There have been moments when the number of Ulster players in the national side have surged, such as 2005-06 and 2013-14, and periods where the province have been challenging for honours in both the URC and Champions Cup, reaching the final again in 2012. But a sole piece of silverware since 1999 – the Celtic League title in 2005 – is contrasted by first Munster’s European successes and now Leinster’s dominance over the past decade, even with some former Leinster players moving north.

Leinster’s imperious rise has been well-documented. With the private schools in Dublin investing in rugby programmes that are aligned at provincial level, the output of talent is phenomenal, supplying a national high-performance programme that rivals those in New Zealand and South Africa.

Schools rugby in Ulster in contrast remains strong and competitive at its best, and there remains a greater focus on winning the provincial schools’ cup than aligning with Ulster’s academy. The number of ‘tier one’ schools is declining to around six compared to 16 in Dublin, with increasing mismatches in fixtures with the big Dublin schools.

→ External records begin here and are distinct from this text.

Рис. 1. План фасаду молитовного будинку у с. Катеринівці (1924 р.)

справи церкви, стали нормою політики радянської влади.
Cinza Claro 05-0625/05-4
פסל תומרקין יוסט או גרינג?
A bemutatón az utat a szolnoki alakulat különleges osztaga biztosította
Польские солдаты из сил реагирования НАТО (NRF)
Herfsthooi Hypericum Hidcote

The increasing gap is reflected in the distribution of the IRFU’s national contracts (normally around 15), with 10 at Leinster to Ulster’s one, which creates a further financial imbalance as those salaries are paid directly by the national governing body. While over 40 per cent of all current professional contracts in Ireland are to players from Leinster.

For all of the headline-grabbing success of Farrell’s side, Ulster’s slide has been recognised as a problem that must be addressed, both at provincial and national level. Inconsistent results this season led to the dismissal of Dan McFarland as head coach and Richie Murphy, the current Ireland Under-20s coach, is to take charge on an interim basis at the end of the Six Nations.

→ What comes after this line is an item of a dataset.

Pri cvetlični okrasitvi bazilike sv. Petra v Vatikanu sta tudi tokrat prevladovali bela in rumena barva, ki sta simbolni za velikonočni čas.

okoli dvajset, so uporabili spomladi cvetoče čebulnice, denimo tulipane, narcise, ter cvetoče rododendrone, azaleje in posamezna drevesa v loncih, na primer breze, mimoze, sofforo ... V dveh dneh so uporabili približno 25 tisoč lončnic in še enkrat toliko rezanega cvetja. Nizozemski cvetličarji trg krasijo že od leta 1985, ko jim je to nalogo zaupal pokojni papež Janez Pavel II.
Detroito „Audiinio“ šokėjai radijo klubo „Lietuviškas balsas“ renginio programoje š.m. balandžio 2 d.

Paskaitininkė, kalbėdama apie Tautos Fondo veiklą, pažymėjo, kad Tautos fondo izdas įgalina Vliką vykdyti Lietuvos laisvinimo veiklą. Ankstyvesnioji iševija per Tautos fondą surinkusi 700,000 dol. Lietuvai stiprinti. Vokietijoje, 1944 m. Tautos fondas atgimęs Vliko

Bryn Cunningham, the province’s current head of operations, is also set to move into a more ‘hands-on’ general manager position. Cunningham is in the process of completing a pathway review, which could result in greater investment in coaching in schools if there is greater buy-in to a more aligned programme. Cunningham does not see the answer in Ulster becoming a testing ground for the overspill of Leinster talent, but one to maintain its identity and developing home grown players, all which will require a change of mindset.

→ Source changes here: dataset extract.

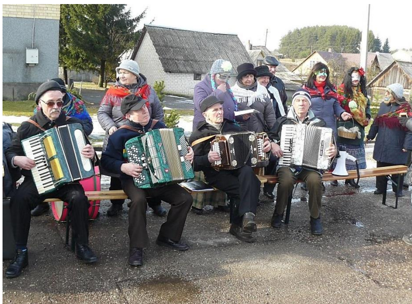
Muzikantai grojo nepailsdami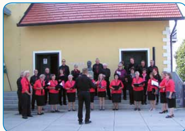
Vspomin generalu Rudolfu Maistru stran 5

“I think there has to be a little bit of a change of focus, including talking about winning things too much,” Cunningham said. “I think a lot of the time it puts undue expectation and pressure and is probably unfair in the sense that we’re not in that space, we don’t operate in the same market as a huge number of other teams within Europe in particular and certainly not with Leinster either.

“Ultimately, we want our own group of players to come through and start to create a stronger identity within the group and how to do that is by our stakeholders and supporters.

“There are three main principles that I’m trying to impart on the squad right now that I feel are really important – enjoyment, energy and competitiveness. We also want to create a stronger connection with our supporters again, where they can see what we are about. We are not going to win every match but we are putting our bodies on the line all the time and look like a real team who are playing not just for each other but everyone else.

“We are also trying to build relationships with our schools and clubs so that there is a joined-up approach, participation can align itself to high performance as well with the same principles.”

Ulster rising up through under-20 ranks

There are green shoots. The Ireland Under-20s squad that took on England in Bath on Friday night included four Ulster players, and hopes are high about the future international potential of the likes of Harry Sheridan, David McCann, Jude Postlethwaite and James McNabney in the current Ulster squad.

The appointment of David Humphreys, Ulster’s European Cup-winning captain, as the IRFU’s high-performance director, will also bring a new focus to addressing the issues, but the answers have to come from within.

“Before we started winning in ’83, Leinster had dominated everything,” Irwin said. “Things do go in phases. We don’t have the same constant conveyor belt of talent that Leinster do. It will change but there are a lot of things to put right for the opportunity for that change.”